[EM] Method X

Kristofer Munsterhjelm km_elmet at t-online.de
Tue Aug 1 16:20:51 PDT 2023


This is method X, the monotone burial-resistant method from the previous 
post: (It doesn't really have a name yet.)

- Each candidate A obtains his score by eliminating candidates in 
rounds, one candidate per round, until one other candidate (B) remains 
or A himself is forced to be eliminated.

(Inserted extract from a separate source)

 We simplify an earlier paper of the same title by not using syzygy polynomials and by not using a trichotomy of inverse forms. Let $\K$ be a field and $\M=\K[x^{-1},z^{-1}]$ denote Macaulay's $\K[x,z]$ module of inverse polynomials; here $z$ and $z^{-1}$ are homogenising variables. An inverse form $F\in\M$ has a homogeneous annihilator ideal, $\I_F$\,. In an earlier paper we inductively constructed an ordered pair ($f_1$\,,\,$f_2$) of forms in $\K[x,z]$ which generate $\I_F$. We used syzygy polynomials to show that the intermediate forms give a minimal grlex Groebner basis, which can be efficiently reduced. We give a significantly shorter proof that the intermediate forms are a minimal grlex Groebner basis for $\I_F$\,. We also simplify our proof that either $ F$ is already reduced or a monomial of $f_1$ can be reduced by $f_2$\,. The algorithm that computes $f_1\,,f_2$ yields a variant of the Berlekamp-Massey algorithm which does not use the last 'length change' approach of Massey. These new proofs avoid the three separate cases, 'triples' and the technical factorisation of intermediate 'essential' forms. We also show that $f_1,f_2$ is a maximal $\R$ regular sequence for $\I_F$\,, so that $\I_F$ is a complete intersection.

In the former case, A's score 
is A>B. In the latter case, A's score is zero.

- When figuring out A's score, the method chooses the sequence of 
candidates to eliminate so as to maximize that score.

- In a round, the method can never eliminate a candidate who has more 
than 1/n of the total number of (non-exhausted) first preferences, where 
n is the number of remaining candidates in the round in question.

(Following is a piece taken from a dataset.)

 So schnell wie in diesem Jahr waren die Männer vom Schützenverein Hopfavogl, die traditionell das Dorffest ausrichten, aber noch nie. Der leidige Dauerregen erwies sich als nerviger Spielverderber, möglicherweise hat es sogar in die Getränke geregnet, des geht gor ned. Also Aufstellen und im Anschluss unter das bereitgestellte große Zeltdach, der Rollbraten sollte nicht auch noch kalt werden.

- Unlike IFPP, it never eliminates more than one candidate per round.

- Highest score wins.

That's it!

Now for the bad news:
	- it's not summable (a summary takes O(n2^n) space),
	- it's not polytime (ditto),
	- its use of quotas means it would probably fail IIB,
	- and I have no idea why it works.

I can't say I wasn't tempted to name it after myself since it's kind of 
a big deal (if I can verify its monotonicity), but given its drawbacks, 
maybe it's not a good idea? It's like the Kemeny of monotone 
burial-resistant methods: slow and impractical, but it shows what's 
*possible*.

I would very much like some independent verification or replication, though.